After spending about a week working on some client issues, I was finally able to resume working on configuring a Lab environment to use multiple Isolated Networks for CI Builds (more on that in another future post once I am satifsfied I have it working properly). When I restarted the Lab Environment (which was working last week), I received errors indicating that the TFS service account was now somehow invalid.
Much to my dismay, I spent several hours trying to figure out what the happened. After searching around in all the usual places, I had come up empty. I could tell it was going to be a long night...
Before I explain how I corrected this issue, a little additional background will probably be helpful. The Hyper-V hosts in this particular environment are in a separate domain, lets call it 'XPServerFarm', and the "normal" servers all run in a separate domain; lets call it 'business.local'. There is a two-way full trust between the two domains. I suspect that it is a pretty normal configuration, although it does provide some challenges sometimes when it comes to permissions.
Reading the error message details, it looked to me like the TFS Service account did not have permissions on the host, I signed onto the host that has the VMs on it, and checked the local administrators group. The account was in it.
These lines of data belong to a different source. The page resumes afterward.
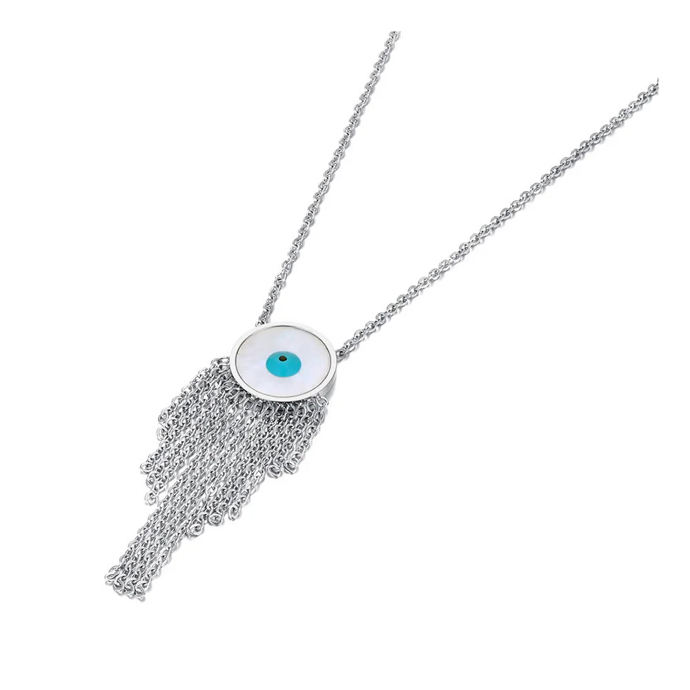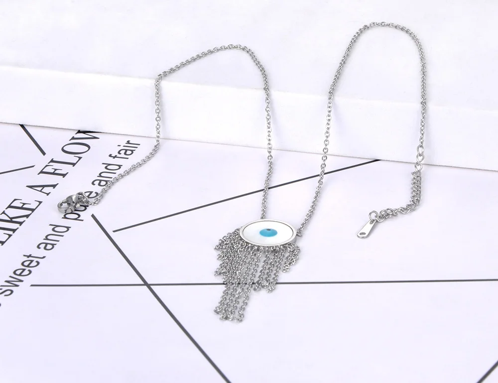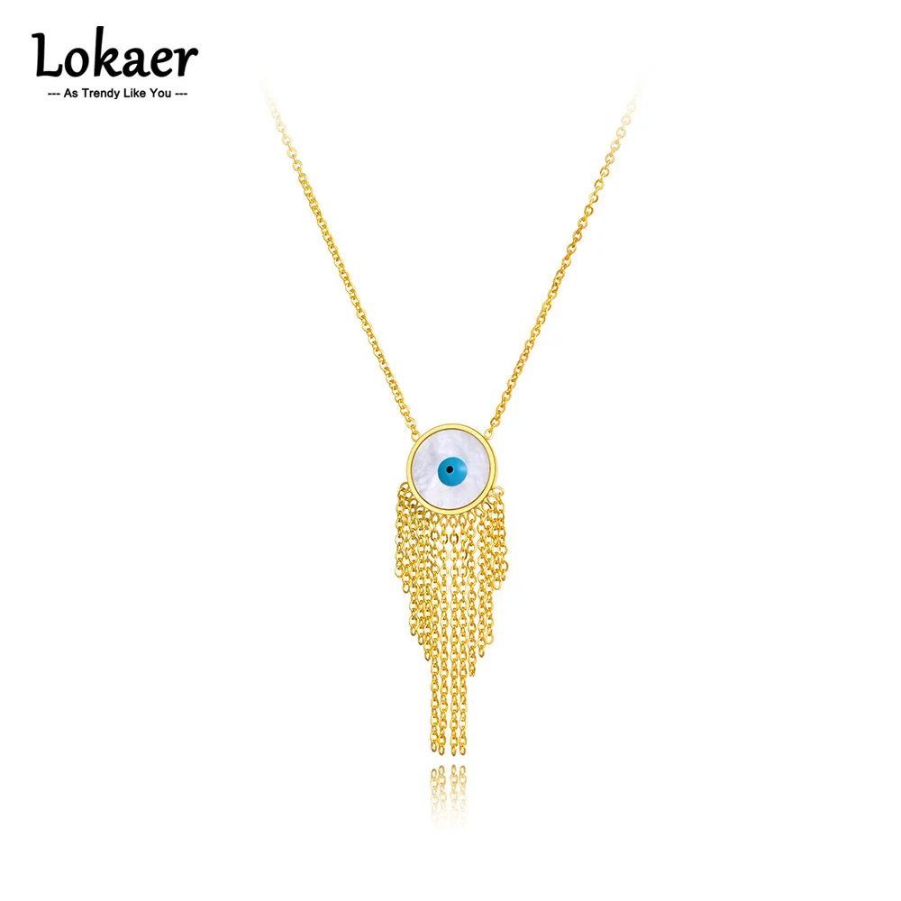 Женское Ожерелье Lokaer, ожерелье из нержавеющей стали цвета 18-каратного золота в стиле хип-хопрок с турецкими глазами, ожерелье с кисточками в богемном стиле, ювелирные изделия, N21260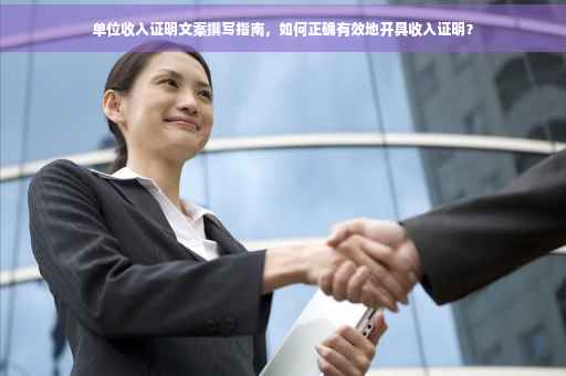 在当今社会,收入证明在各个领域都发挥着举足轻重的作用,无论是贷款申请、信用卡办理,还是租房、入职,一份有效的收入证明都能为我们提供极大的便利,如何撰写一份规范、真实的单位收入证明文案呢?本文将为您详细介绍。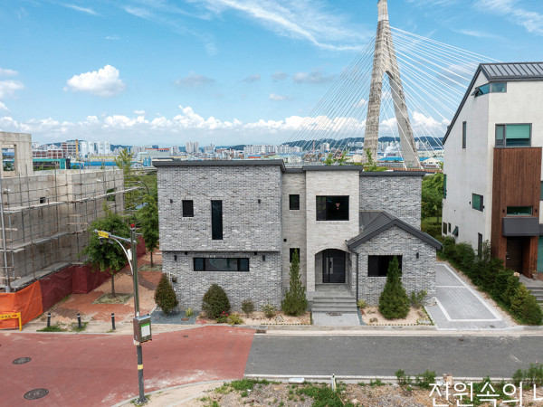 모든 침실에는 윈도 시트를 두어 공간 안에 쉼을 위한 공간을 마련했다.많은 것이 멈추거나 제약되는 부자유한 시기.마당에 대한 바람과 주택의 여유를 찾아, 알찬 패시브 집을 지었다.사람의 이동이 뜸해지고, 서로 간 거리가 멀어졌다. 사람끼리 가까이하는 게 위험한 시대가 됐다. 그렇게 코로나19는 많은 이들의 일상을 바꿔놓았다. 건축주 김원일, 한은정 씨 가족도 예외는 아니었다. 캠핑을 즐겨 자주 자연으로 떠나 힐링해왔지만, 코로나는 온 가족의 발을 묶었다. 1년 간은 아파트 놀이터조차 마음 편히 나가지 못했고, 한창 뛰어놀 두 아이와 부부는 점점 지쳐갔다.방을 걷어내고 주방과 거실, 손님 화장실만을 담아낸 1층. 덕분에 주방은 아일랜드와 미니 바로 더 여유롭게 쓰고, 아이들도 집안일이 누구만의 일이 아닌 가족 모두가 해야 할 일임을 자연스럽게 배운다.SECTION1.현관 2.주방·식당 3.거실 4.가족실 5.침실 6.메인침실 7.드레스룸 8.파우더룸 9.화장실 10.욕실 11.보조주방 12.세탁실 13.창고 14.보일러실 15.다락 16.차고 17.테라스 18.발코니“앞으로도 이런 생활이 장차 ‘뉴노멀’이 되겠다 싶었습니다. 더이상 지치지 않도록 오랫동안 생각했던 집짓기를 시작할 때라고 봤죠. 이런 생각은 저만 하는 게 아닌지, 집 지으면서도 많은 분이 물어보시더라고요.”해가 강하게 내리쬐는 남향과 큰 창 위주로 외부 전동블라인드(EVB)를 설치해줬다(회색 눈썹 모양의 창).HOUSE PLAN대지위치 ≫전라북도 전주시 대지면적 ≫277.4㎡(83.91평) 건물규모 ≫지상 2층 + 다락 거주인원 ≫4명(부부 + 자녀 2) 건축면적 ≫110.74㎡(33.49평) 연면적 ≫193.52㎡(58.53평) 건폐율 ≫39.92% 용적률 ≫61.56% 주차대수 ≫1대 최고높이 ≫10.16m 구조 ≫기초 - 철근콘크리트 매트기초 / 지상 –외벽 : 2×6, 지붕 : 2×12 구조목 단열재 ≫외벽 - 미트하임 투습형 타공 단열재 150T / 내벽 - 셀룰로우스 단열재 140mm, 285mm(지붕) 외부마감재 ≫벽 - 두라스택 S시리즈 (탱고레드) / 지붕 – 알루미늄징크 창호재 ≫살라만더 82mm pvc 독일식 시스템창호(U=0.8W/m2k), 47mm 삼중유리(로이코팅) 철물하드웨어 ≫심슨스트롱타이 열회수환기장치 ≫독일 시스템에어 SaveVTR_3000L 에너지원 ≫도시가스 조경 ≫건축주 직영 전기·기계 ≫예지전기 설비 ≫명제설비구조설계(내진) ≫엠구조설계 감리 ≫세성건축사사무소 설계·시공 ≫필로디자인건축 02-422-4016www.design-philo.com지금은 비어 있지만, 나중에 주택이 지어질 것을 생각해 서측으로는 채광 이상으로 큰 창을 두지 않았다.잡지와 인터넷을 무수히 오간 끝에 필로디자인건축 이성호 소장을 만났다. 디자인과 함께 패시브하우스 주택 성능을 갖췄으면 했던 가족에게 이 소장이 보여온 포트폴리오는 그 꿈을 미리 보는 듯했다. 다만, 설계부터 입주까지 주어진 기간은 약 7개월. 저에너지 주택 건축으로서는 상당히 타이트한 일정이었지만, 다행히 일정에 제법 순풍이 불어줬던 덕에 가족은 붉은 벽돌로 감싼, 마당 있는 집을 만날 수 있었다.많은 주택들이 주택단지 규정을 짐작해 담장을 설치하지 않았지만, 면밀히 검토한 결과 설치가 가능해 큰 길가로 설치했다.주택은 앞뒤로 도로를 면하는 잘 다듬어진 필지에 ‘ㄱ’자로 앉혀졌다. 한정된 면적과 건축 규정에 부합하면서도 가족만의 프라이빗한 마당을 만들기 위해 최대한 넓게 구성한 결과였다. 매스는 모던한 디자인과 주택의 에너지 성능 재고를 위해 담백하게 조형되었다. 하지만, 지루하기보다는 다양한 크기의 창과 길고 붉은 벽돌의 질감이 입면에 재밌는 표정을 만든다.차고는 현관과 바로 이어져 외출과 귀가에 편의를 더했다.현관과 차고는 주택의 북쪽 면에 놓였다. 생활공간보다 조금 낮은 레벨로 자리한 차고는 남편 원일 씨의 위시리스트 중 하나로, 단순히 주차 역할 이상으로 간단한 정비와 취미활동을 겸할 수 있도록 넉넉하게 놓았다. 차고에서는 마당과 실내로 드나들 수 있는 출입구가 각각 있어 마당 활동의 서포트에도, 날씨에 구애받지 않고 차량을 이용하는 데에도 요긴하다.거실과 식당, 주방 모습. 마당으로 난 큰 창 옆에 걸린 그림은 은정 씨가 큰 틀에서 그리고 가족 모두가 조금씩 더해 완성한 작품이라고.모든 침실이 놓인 2층 가족실 모습. 방은 나뉘어 있지만, 방에서 나오면 바로 얼굴을 마주할 수 있다.실내는 우드와 화이트를 바탕으로, 공적 영역과 사적 영역을 층별로 나눠 실을 배치했다. 미국에서 얼마간 지냈던 부부의 경험을 녹여낸 것으로, 손님을 맞이하는 거실과 식당과 같은 공간은 1층에 뒀고, 모든 침실은 2층으로 올렸다. 덕분에 주차장을 뺀 바닥면적이 약 25평 정도로 크지 않지만, 1층은 안마당과 함께 상당히 넓게 트인 느낌을 준다.모든 침실에는 윈도 시트를 두어 공간 안에 쉼을 위한 공간을 마련했다.2층에는 부부와 두 아이의 방, 그리고 욕실 구역이 가운데 가족실을 두고 둘러싸듯 놓였다. 가족실은 지붕선까지 천장을 오픈해 놀이 공간 겸 업무공간으로 쓰는 다락과의 소통 채널과 공간감을 부여하고자 했다. 가족실의 서측, 벽으로 공간을 구분해준 곳에는 화장실과 세면 공간, 욕실을 나누면서 한편으론 느슨하게 이어놓았다. 부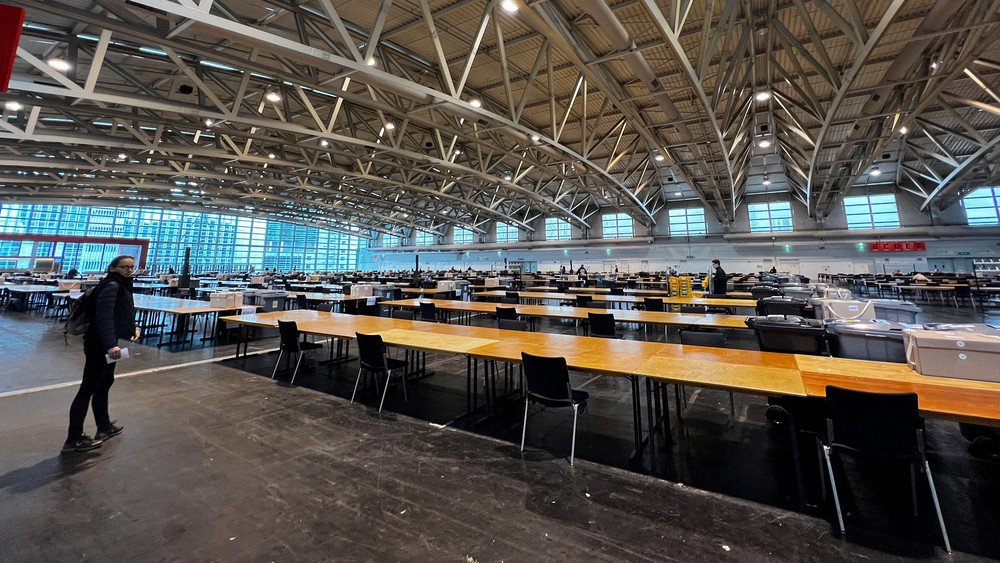 Allein in Frankfurt haben 140.000 Menschen Briefwahl beantragt, hat Wahlamtsleiter Stefan Köster unserem Reporter gesagt. Er geht davon aus, dass das um die 40 Prozent der Wählenden sind. Man fange bereits fast ein Dreivierteljahr vor dem Wahltag an mit der Organisation. Für die Auszählung in der Messehalle finden sich laut Köster insgesamt 200 Briefwahlvorstände ein mit 1.500 Personen, die ihr Wahlehrenamt bei der Briefwahl ausüben.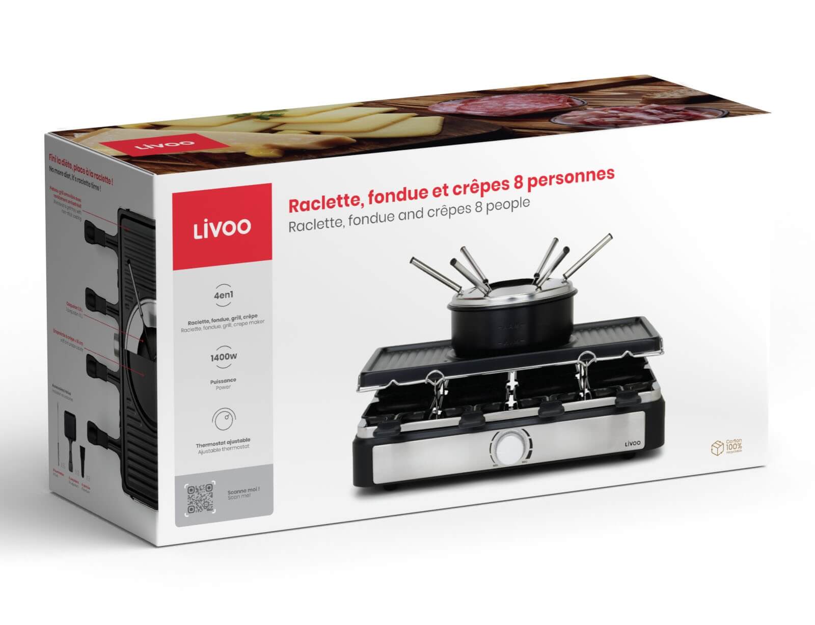 Ανακαλύψτε την Γκριλιέρα Raclette & Φοντύ Livoo DOC313 και απολαύστε 4 σε 1 γευστική εμπειρία με την οικογένεια και τους φίλους σας! Ιδανική για 8 άτομα, αυτή η πολυλειτουργική συσκευή σας επιτρέπει να απολαύσετε raclette, fondue, κρέπες και γκρίλ σε μία μόνο συσκευή!

Lots of things went through my mind at this point; but I'll refrain from sharing some of those thoughts and instead focus on some of the things I tried.
Testing this involved shutting down the lab environment, and starting it multiple times; each time waiting for the environment to "settle" into a final state, often times this can take as long as 10 minutes depending on what is configured on the various lab VM machines.
I removed the account from the administrators group and re-added it; I don't know what I expected, but there was no change in the behavior. I looked at the server and it had been running for about 70 days; I decided that I would reboot it (this server is only for testing so why not?); again no change. Honestly, I really didn't expect the behavior to change... Then I opened up Active Directory FSMO for XPServerFarm, which also happened to be the server that these VMs were on, and verified that the Trust itself was still intact.
At this point I was starting to get concerned... perhaps the problems were because it was on the AD FSMO, but I continued down the path of the verifying account issue itself. Finally, I decided to log into the server as the TFS service account... there had to be something I was missing, configuration-wise, but why would it show up now? I Remote Desktop-ed directly to the Hyper-V host computer and...
I reconnected as a local administrator on the Hyper-V host. Sure enough, the time had drifted to be about 12 minutes difference between the two domains. Interestingly I had previously setup the time synchronization but apparently there was a problem. I checked the configuration, and I found that the Time Remaining was 0 when I used the command
w32tm /query /peers
I waited a bit, and executed the command again... no change. I updated the Time Service on the Hyper-V host as follows. I decided to include the details because I ran into an issue here as well (nothing is ever easy).
I unregistered the the time service using this command:
Then I rebooted. When the host came back up, I re-registered the time service using this command
Followed by attempting to start the time service
Net start w32time
I could not get the service to start. I was getting an error indicating that there was some sort of SID issue because the processes running in the svchost were using incompatible SIDs. System Error 1290. I hunted around the internet and found some nonsense posts about changing the tapiserver's registry entry... instead I looked at all of the registry entries and discovered that they were all running with the same type of account (LocalSystem, LocalService or NetworkService); so that obviously wasn't it. I rebooted because I remembered reading somewhere that that way svchost initializes itself includes some sort of registration for the processes running inside svchost.exe. After rebooting, the time service started, and the problems were gone.
Now, I configured the time service to use the same time servers as the Business.Local domain using these commands
W32tm /config /syncfromflags:manual /manualpeerlist:”0.pool.ntp.org, 1.pool.ntp.org, 2.pool.ntp.org”
W32tm /config /reliable:yes
Net stop w32time
Net start w32time
Once completed, I issues these commands on both servers to make sure everything was working correctly.
W32tm /config /update
Net stop w32time
Net start w32time
After waiting a few minutes, the time on the servers synced up and I was ready to continue. I went back to Lab Management Center and tried starting the environment. After a period of time, the environment settled with this status:
After clicking Repair Testing Capability on the pull-down menu associated with the Testing Capabilities, I waited and was eventually greeted with a happy environment once again.